Provided data:
* * *

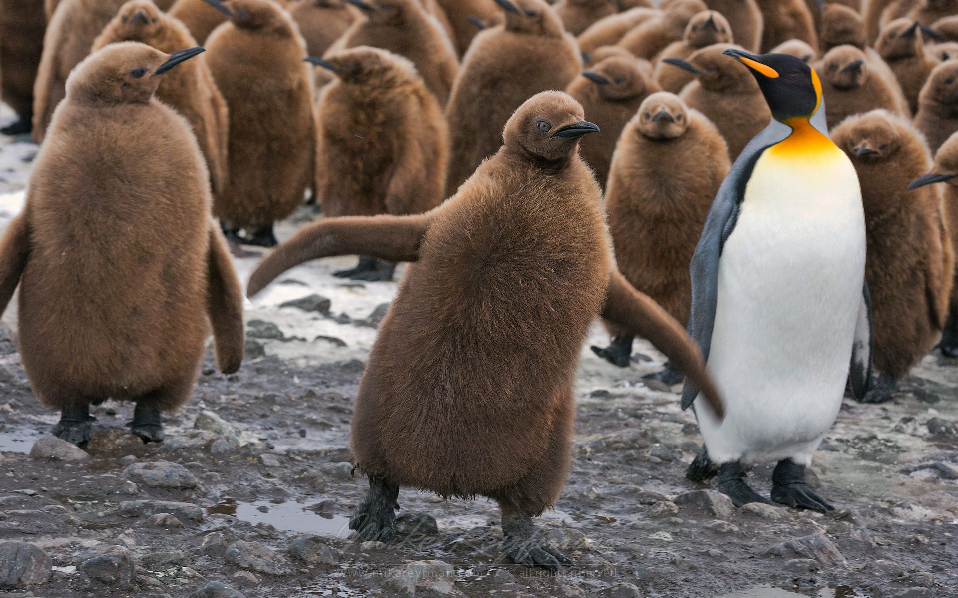 임금펭귄의 새끼는 온몸이 진한 갈색털로 되어 있다고 하네요.
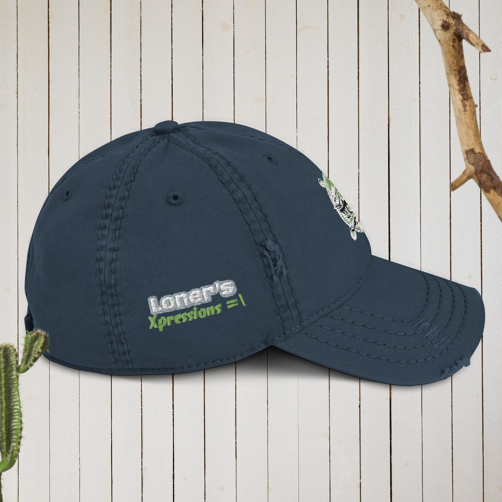 Expand your headwear collection with this fashionable dad hat. With a slightly distressed brim and crown fabric, it’ll add just the right amount of edge to your look. For a quick and easy outfit pair it with slacks, your favorite jeans, and a sports tee.
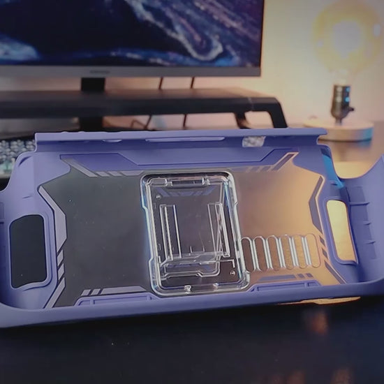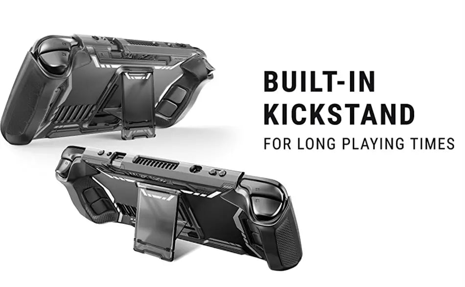 A capa Vapor 2023 da série MUMBA (by SUPCASE) foi feita especialmente para quem quer proteger o Steam Deck OLED (2023) ou o Steam Deck clássico (2022) sem abrir mão de conforto, ergonomia e ventilação. É uma capa robusta, com pegada reforçada, suporte integrado e construção híbrida super resistente.
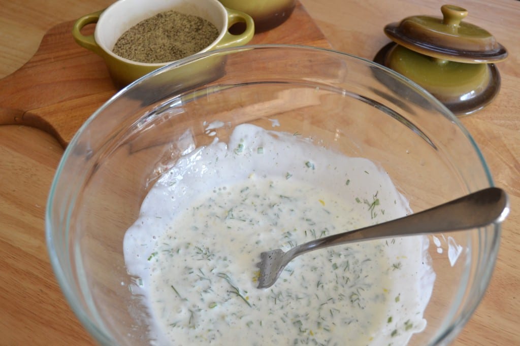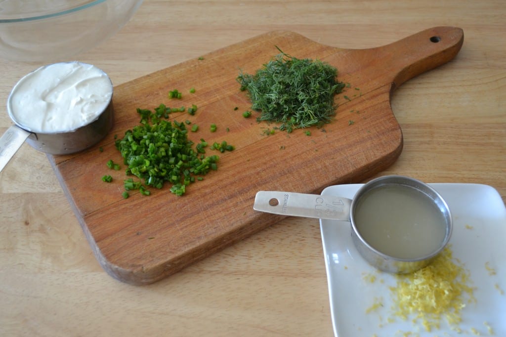 In a small mixing bowl, whisk together the Greek yogurt, lemon juice, and olive oil. Mix in the lemon zest, chives, dill, salt, and pepper.
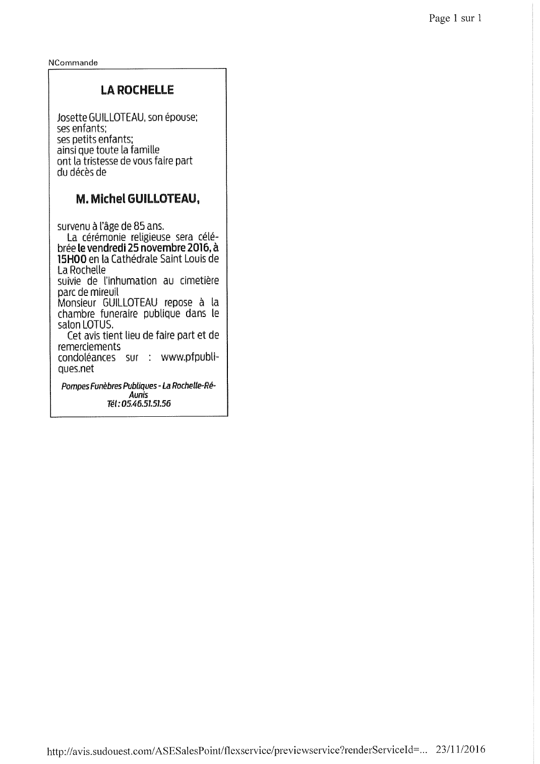 Décédé à Lagord (17140, France) le mardi 22 novembre 2016 à l'âge de 85 ans
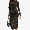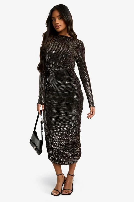 BOOHOO Sequin High Neck Ruched Midi Dress
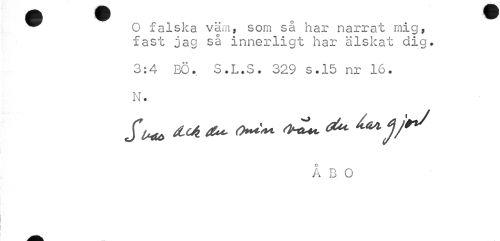 //// O falska värn, sorn så har narrat mig, fast jag så innerligt har älskat dig. //// 3:4 BO. S.L.S. 329 s.15 nr 16. N. //// ÅBO ////

* * *

What needs to be done: Skip all pictures. Write out only the lines from the one containing "BOOHOO Sequin High Neck Ruched Midi Dress" to the end of the listing above, inclusive, exactly as given.

Task output:
 BOOHOO Sequin High Neck Ruched Midi Dress
 //// O falska värn, sorn så har narrat mig, fast jag så innerligt har älskat dig. //// 3:4 BO. S.L.S. 329 s.15 nr 16. N. //// ÅBO ////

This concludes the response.